What are these developments? One is the rise of nomadic powers, such as the Seljuqs in the Middle East, the Pechenegs in the Byzantine Empire, and the Banu Hilal in North Africa. Multiple dynasties fell or were weakened with the collapse of bureaucracies and the agrarian base to sustain organized military power. Major cities witnessed a decline in their population and infrastructure, marking the sharp final decline of the urban life developed in the region during the Hellenistic period. Finally, population shifts, both in-migration and out-migration, led to religious change as Muslim nomads took the place of Christian peasants in agriculturally marginal regions.
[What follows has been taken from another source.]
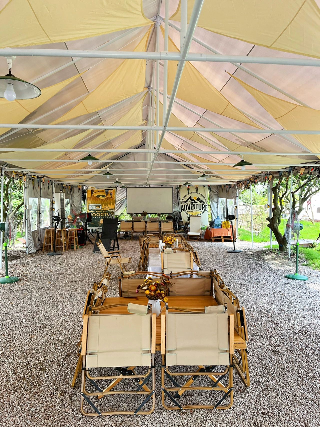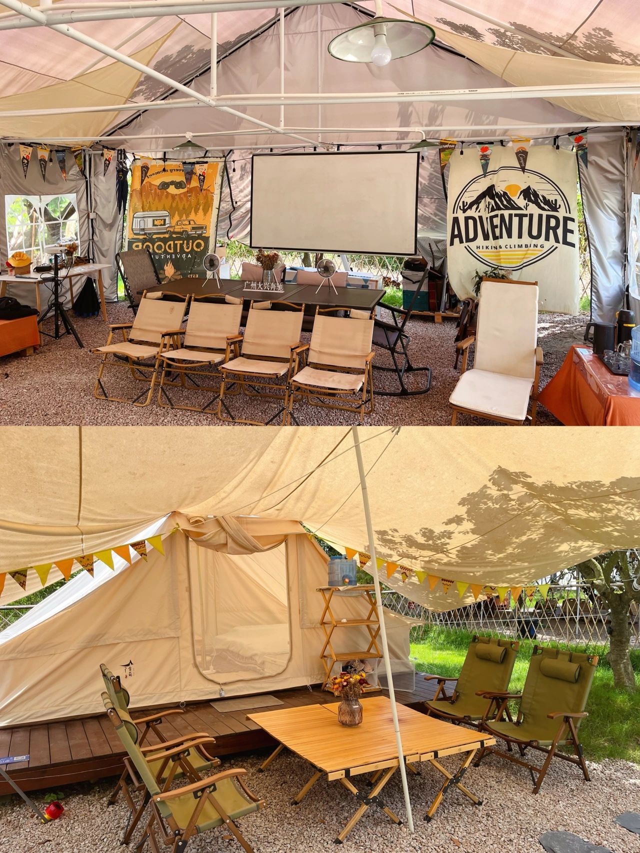 露营主区域放置了可容纳五六十人的露营桌椅🪑

Some will probably accuse Ellenblum of environmental determinism, but this is not his argument. In his own words:
Civilizations are altered and transformed by calamities, although they usually succeed in finding, when the crisis is over, ways to reconstruct new stable societal structures and a new equilibrium that resemble, to a certain degree, the pre-calamity social order. Differences between pre- and post-calamity cultures, however, are often discerned.In other words, in periods of environmental catastrophe, people adapt in a variety of ways, and even when the catastrophe is over, those ways continue to exist and leave their own historical legacies, whether in demographic shifts, institutions, or settlement structures. The end result of this book isn't that the reader who knows the material will learn about new developments, but instead that he or she will see the climate shift as a common thread underlying them all, and as a result better perceive the role of the environment in history.